╭─ Task data
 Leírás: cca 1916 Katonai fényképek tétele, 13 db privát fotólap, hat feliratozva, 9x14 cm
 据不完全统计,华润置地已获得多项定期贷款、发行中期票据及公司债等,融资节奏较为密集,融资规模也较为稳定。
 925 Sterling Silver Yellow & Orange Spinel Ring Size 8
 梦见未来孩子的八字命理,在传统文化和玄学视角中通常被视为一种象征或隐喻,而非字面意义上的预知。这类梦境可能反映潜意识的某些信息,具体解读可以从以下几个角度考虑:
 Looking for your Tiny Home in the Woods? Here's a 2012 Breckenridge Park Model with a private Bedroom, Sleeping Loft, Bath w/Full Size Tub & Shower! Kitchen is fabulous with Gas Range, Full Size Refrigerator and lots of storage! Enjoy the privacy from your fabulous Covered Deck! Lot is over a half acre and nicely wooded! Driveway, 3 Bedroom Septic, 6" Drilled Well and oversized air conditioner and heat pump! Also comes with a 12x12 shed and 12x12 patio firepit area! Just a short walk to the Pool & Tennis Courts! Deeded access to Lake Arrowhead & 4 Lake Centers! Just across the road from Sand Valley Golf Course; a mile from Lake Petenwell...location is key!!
╰─
╭─ Task data
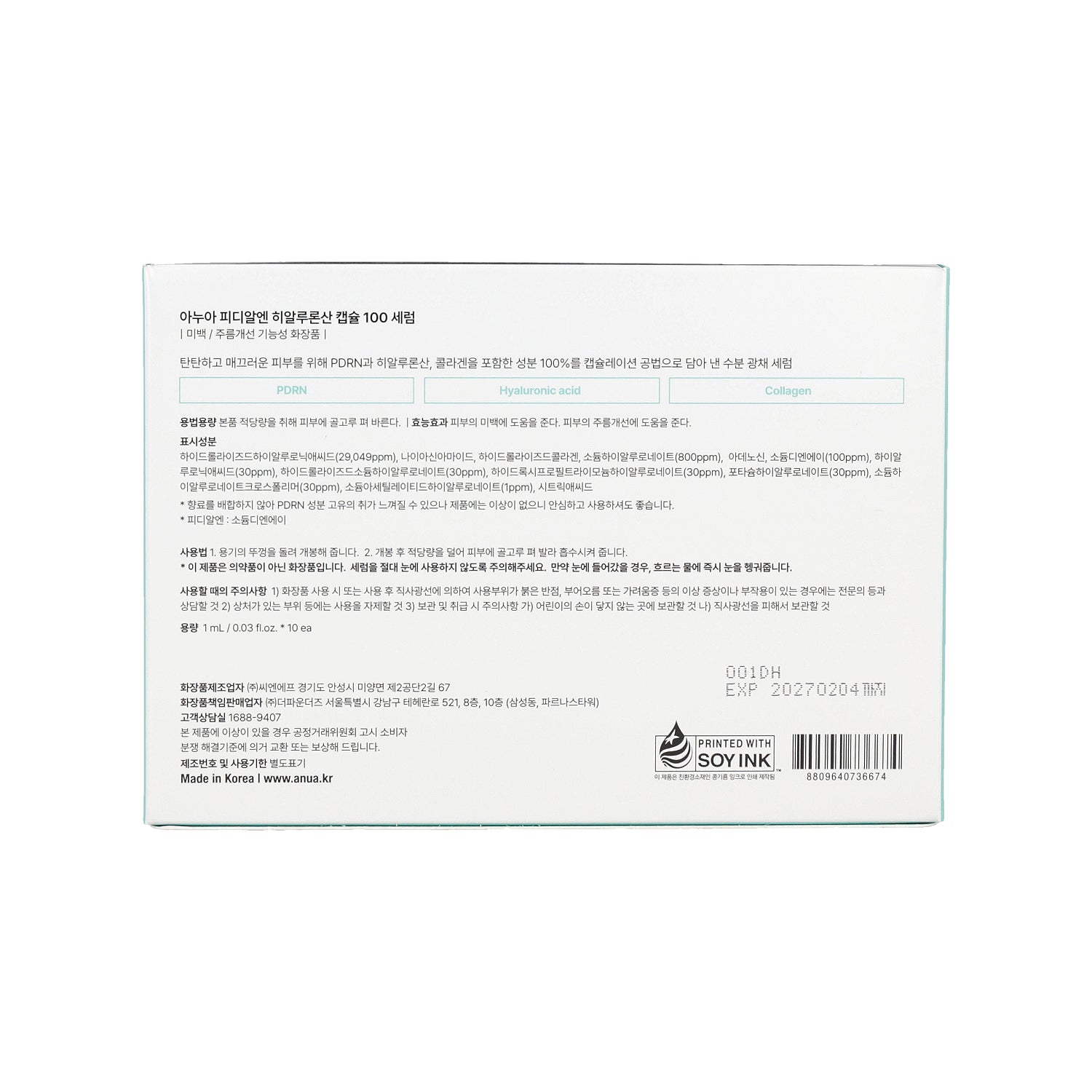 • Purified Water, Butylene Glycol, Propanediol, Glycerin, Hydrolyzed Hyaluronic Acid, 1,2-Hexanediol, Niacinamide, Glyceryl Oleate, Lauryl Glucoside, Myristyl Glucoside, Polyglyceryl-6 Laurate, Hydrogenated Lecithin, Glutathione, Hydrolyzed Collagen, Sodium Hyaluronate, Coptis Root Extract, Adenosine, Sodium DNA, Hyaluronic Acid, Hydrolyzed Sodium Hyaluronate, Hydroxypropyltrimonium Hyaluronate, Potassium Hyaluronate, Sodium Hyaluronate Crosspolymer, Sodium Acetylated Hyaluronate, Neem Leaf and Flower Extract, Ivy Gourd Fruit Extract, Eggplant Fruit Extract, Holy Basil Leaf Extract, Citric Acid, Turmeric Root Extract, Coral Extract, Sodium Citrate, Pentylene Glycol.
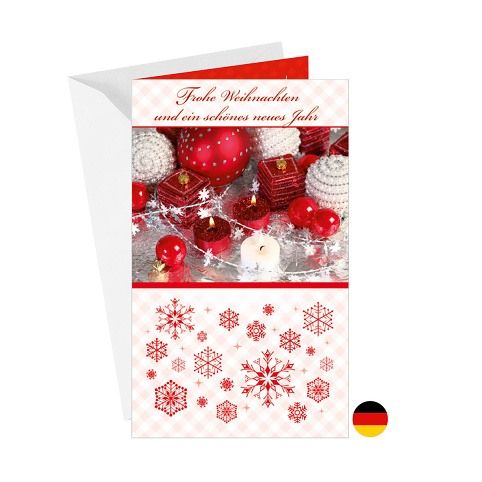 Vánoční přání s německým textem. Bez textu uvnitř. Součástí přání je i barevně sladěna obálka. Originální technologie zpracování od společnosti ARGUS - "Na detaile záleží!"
╰─
- [Your instructions] In the listing above, find the line containing "925 Sterling Silver" and the line containing "梦见未来孩子的八字命理,在传", then repeat those two lines and everything between them exactly.

- [Answer area]
 925 Sterling Silver Yellow & Orange Spinel Ring Size 8
 梦见未来孩子的八字命理,在传统文化和玄学视角中通常被视为一种象征或隐喻,而非字面意义上的预知。这类梦境可能反映潜意识的某些信息,具体解读可以从以下几个角度考虑:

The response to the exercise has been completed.